▸ Records to use

○ ○ ○

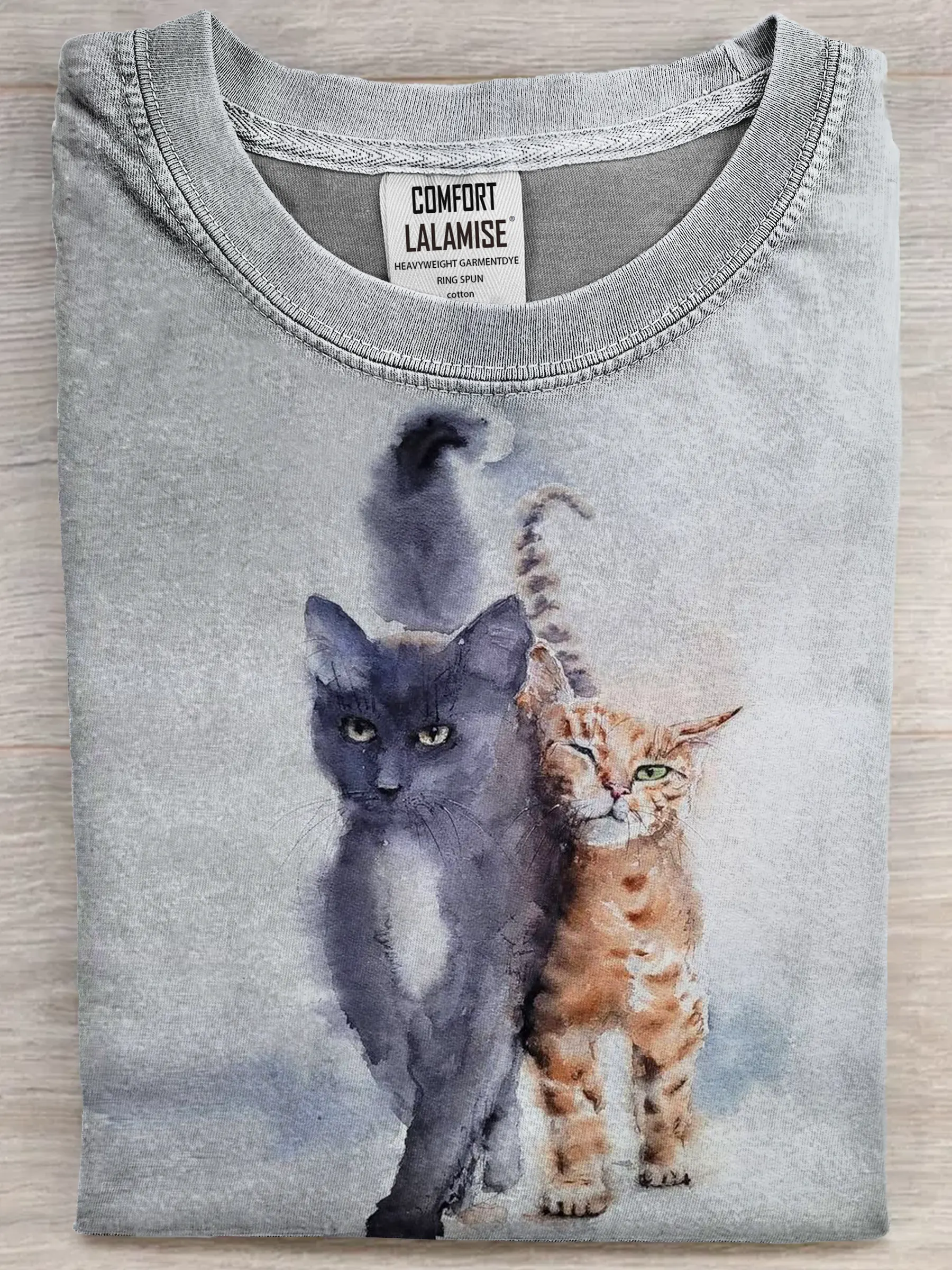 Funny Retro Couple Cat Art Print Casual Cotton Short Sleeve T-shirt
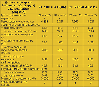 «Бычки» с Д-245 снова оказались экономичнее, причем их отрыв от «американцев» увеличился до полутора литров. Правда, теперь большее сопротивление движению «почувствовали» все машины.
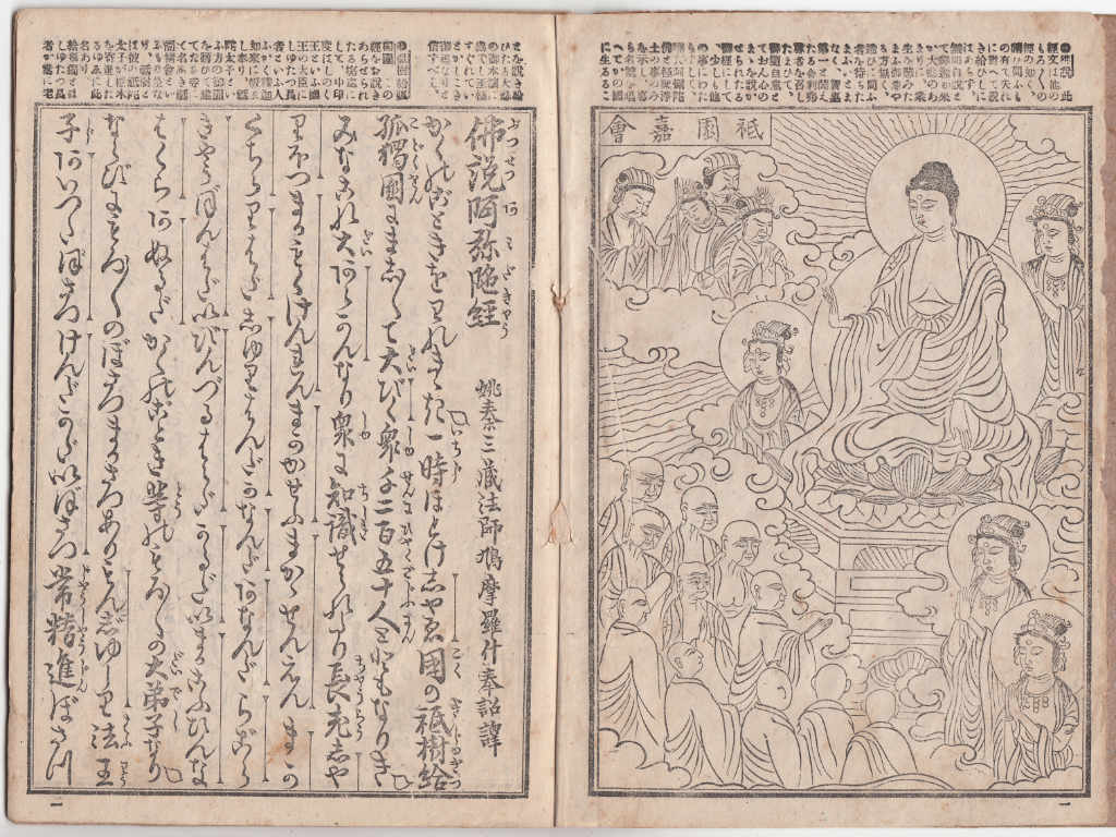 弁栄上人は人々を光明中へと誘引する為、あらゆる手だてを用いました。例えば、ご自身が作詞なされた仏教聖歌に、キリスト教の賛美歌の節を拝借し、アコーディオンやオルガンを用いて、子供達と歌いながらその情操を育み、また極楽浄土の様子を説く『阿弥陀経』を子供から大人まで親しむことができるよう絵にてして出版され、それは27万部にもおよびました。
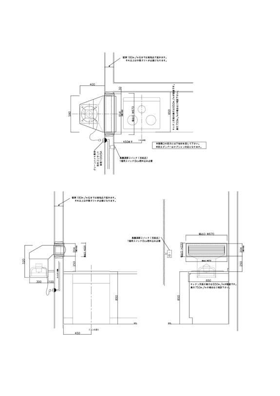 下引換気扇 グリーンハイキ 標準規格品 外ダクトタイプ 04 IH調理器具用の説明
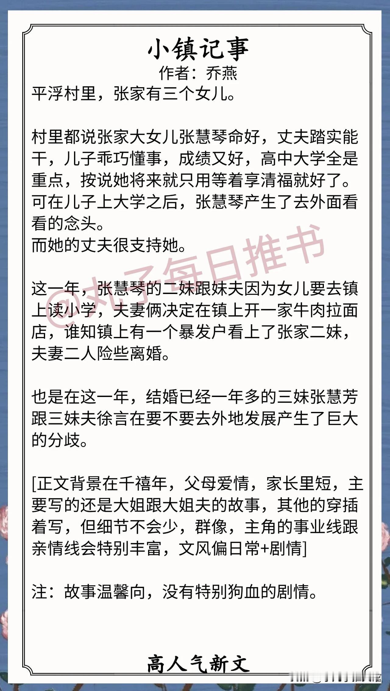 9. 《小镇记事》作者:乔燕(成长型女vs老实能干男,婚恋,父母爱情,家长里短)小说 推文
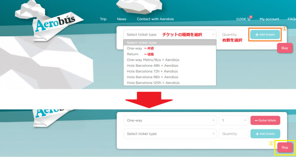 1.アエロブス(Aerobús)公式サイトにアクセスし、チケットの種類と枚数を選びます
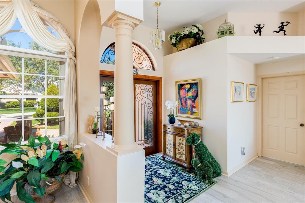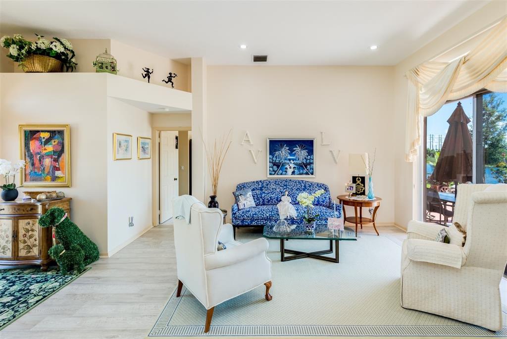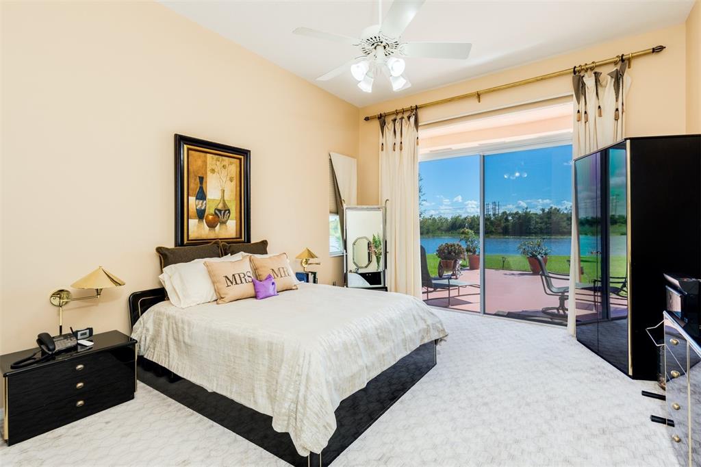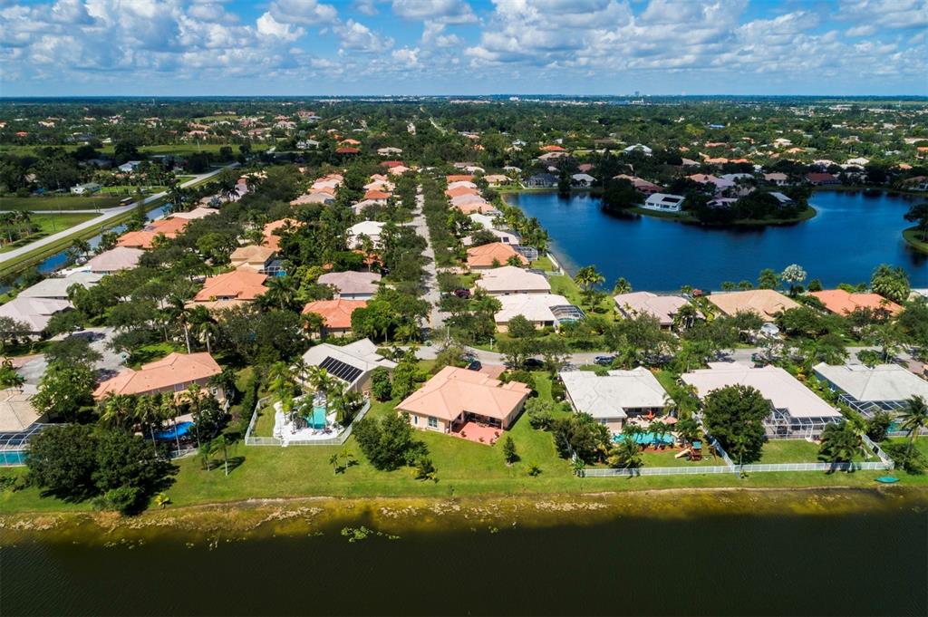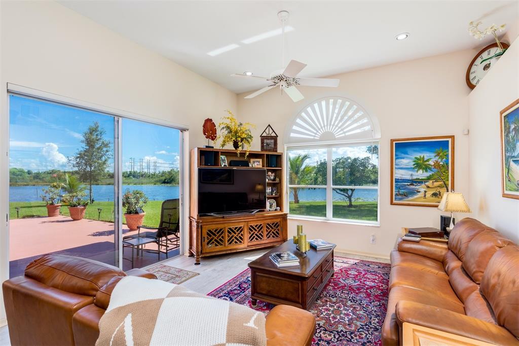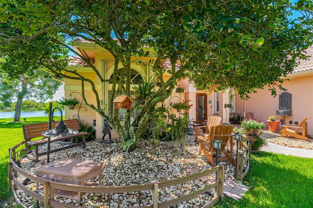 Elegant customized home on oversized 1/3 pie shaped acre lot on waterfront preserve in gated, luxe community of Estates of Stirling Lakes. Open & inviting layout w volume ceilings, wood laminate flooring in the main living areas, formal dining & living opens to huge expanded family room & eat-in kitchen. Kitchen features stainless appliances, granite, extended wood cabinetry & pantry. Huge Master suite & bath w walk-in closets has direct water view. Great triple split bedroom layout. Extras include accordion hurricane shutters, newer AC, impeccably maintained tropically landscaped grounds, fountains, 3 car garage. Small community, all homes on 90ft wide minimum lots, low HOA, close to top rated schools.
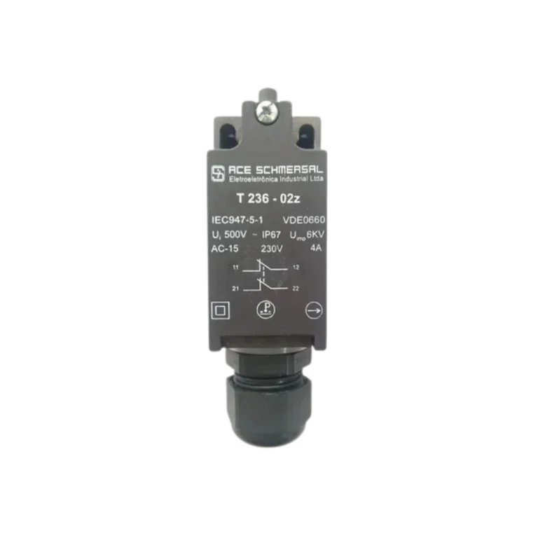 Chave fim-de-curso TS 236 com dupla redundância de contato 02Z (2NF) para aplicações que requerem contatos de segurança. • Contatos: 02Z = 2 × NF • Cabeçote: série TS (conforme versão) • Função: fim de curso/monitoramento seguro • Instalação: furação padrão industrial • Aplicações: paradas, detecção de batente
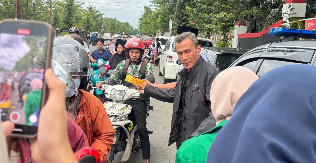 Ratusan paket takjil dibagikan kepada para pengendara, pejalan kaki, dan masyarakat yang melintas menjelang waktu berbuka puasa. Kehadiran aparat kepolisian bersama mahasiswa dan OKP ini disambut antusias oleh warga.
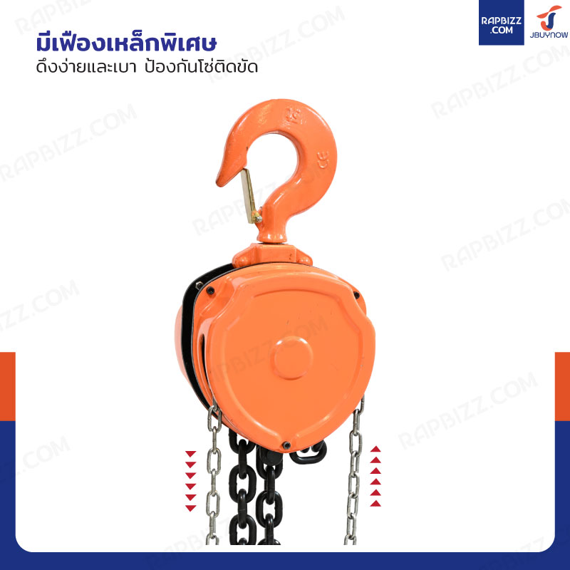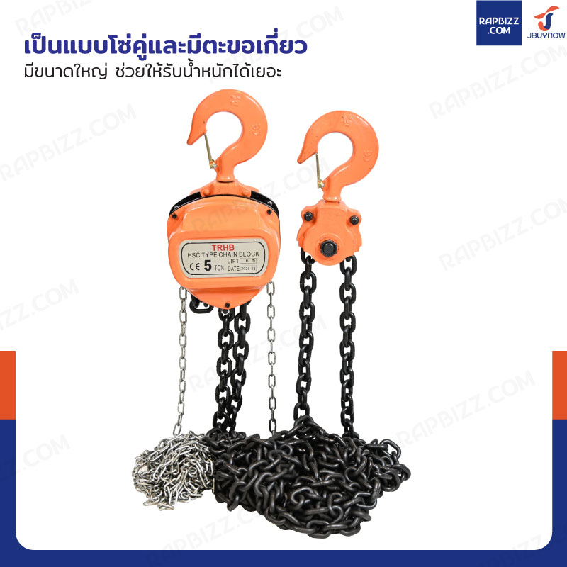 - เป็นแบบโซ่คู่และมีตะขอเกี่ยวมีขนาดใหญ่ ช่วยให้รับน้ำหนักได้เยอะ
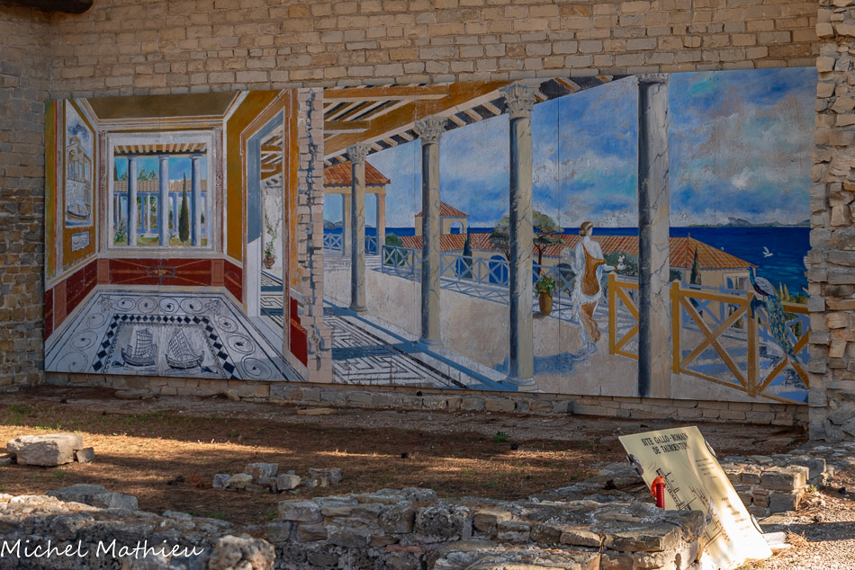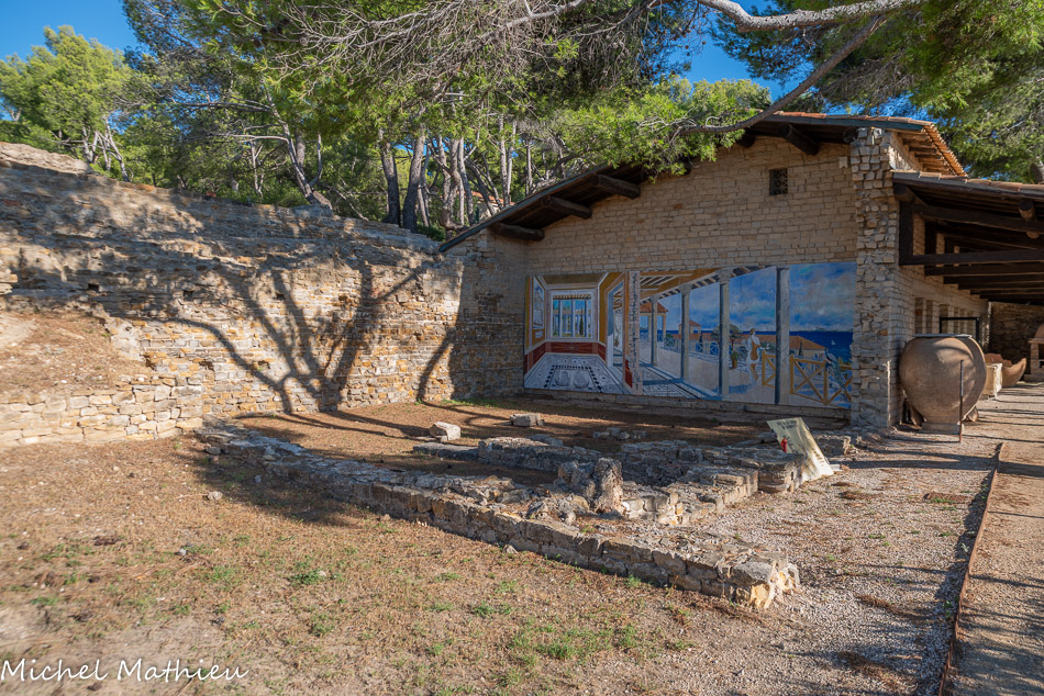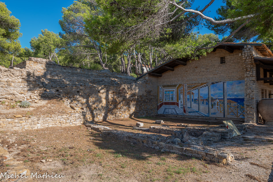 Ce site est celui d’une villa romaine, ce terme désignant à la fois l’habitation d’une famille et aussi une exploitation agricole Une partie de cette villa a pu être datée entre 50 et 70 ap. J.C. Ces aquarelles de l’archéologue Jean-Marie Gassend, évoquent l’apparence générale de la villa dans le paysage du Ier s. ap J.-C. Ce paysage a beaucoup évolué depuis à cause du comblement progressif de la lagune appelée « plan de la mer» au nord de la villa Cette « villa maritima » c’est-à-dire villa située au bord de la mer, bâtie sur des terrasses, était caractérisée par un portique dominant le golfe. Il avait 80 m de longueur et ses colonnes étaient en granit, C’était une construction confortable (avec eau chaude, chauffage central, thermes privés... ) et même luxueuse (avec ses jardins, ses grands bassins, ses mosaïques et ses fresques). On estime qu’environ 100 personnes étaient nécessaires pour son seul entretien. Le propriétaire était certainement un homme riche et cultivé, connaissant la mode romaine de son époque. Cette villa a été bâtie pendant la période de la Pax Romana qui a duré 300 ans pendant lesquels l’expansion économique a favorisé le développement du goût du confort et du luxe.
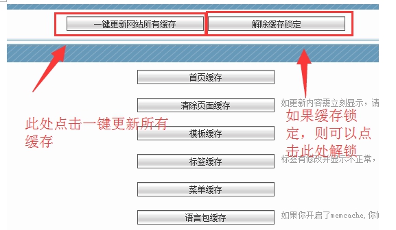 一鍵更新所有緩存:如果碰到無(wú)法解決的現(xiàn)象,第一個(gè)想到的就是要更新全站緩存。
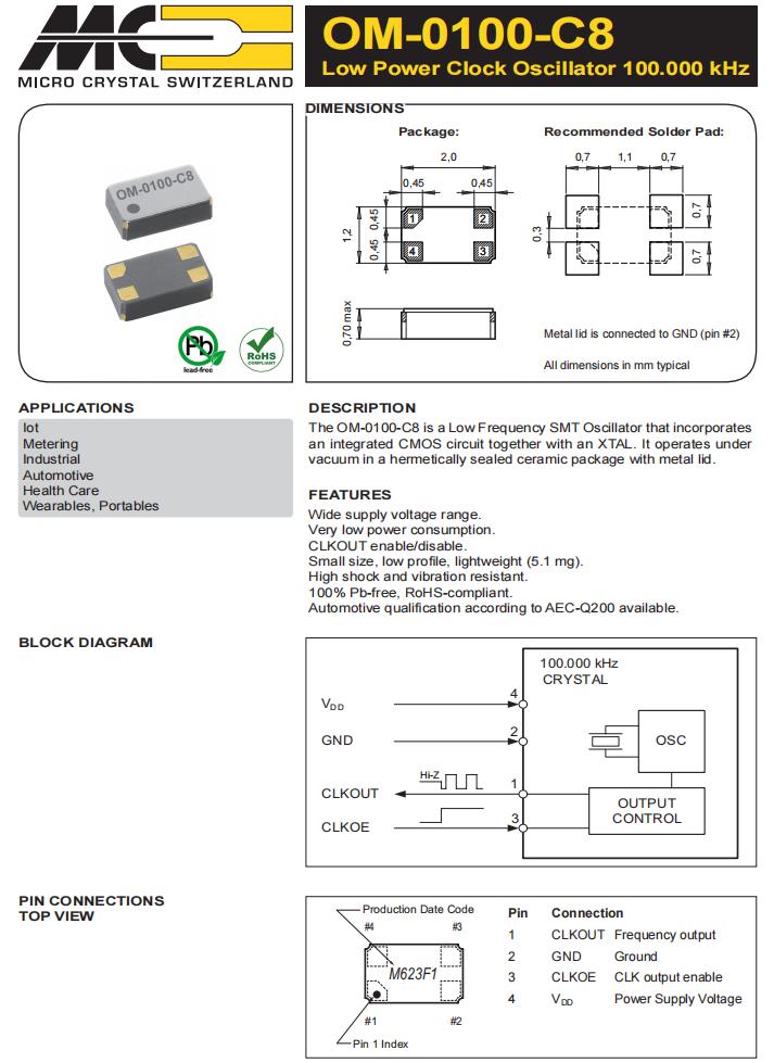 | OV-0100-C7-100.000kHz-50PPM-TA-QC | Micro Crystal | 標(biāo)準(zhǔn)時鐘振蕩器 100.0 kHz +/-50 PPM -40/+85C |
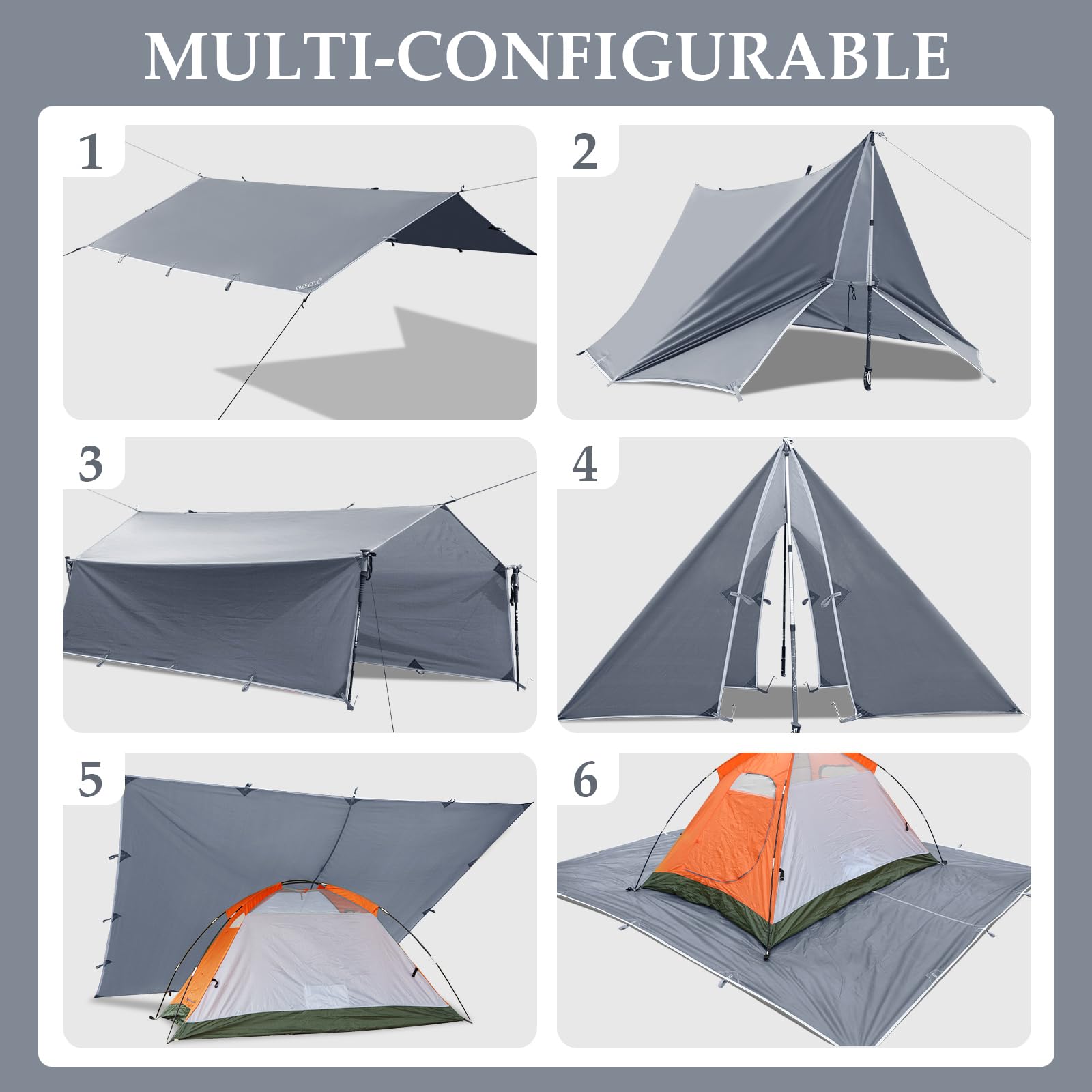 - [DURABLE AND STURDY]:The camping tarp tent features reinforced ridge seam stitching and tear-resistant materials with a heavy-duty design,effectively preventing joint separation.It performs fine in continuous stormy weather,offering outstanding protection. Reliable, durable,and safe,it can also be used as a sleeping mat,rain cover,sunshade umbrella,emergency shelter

○ ○ ○

▸ Work to be completed
Set down, exactly as written above, each line from the one with "弁栄上人は人々を光明中へと誘" through the one with "1.アエロブス(Aerobú", and skip the pictures.

▸ Finished exercise
 弁栄上人は人々を光明中へと誘引する為、あらゆる手だてを用いました。例えば、ご自身が作詞なされた仏教聖歌に、キリスト教の賛美歌の節を拝借し、アコーディオンやオルガンを用いて、子供達と歌いながらその情操を育み、また極楽浄土の様子を説く『阿弥陀経』を子供から大人まで親しむことができるよう絵にてして出版され、それは27万部にもおよびました。
 下引換気扇 グリーンハイキ 標準規格品 外ダクトタイプ 04 IH調理器具用の説明
 9. 《小镇记事》作者:乔燕(成长型女vs老实能干男,婚恋,父母爱情,家长里短)小说 推文
 1.アエロブス(Aerobús)公式サイトにアクセスし、チケットの種類と枚数を選びます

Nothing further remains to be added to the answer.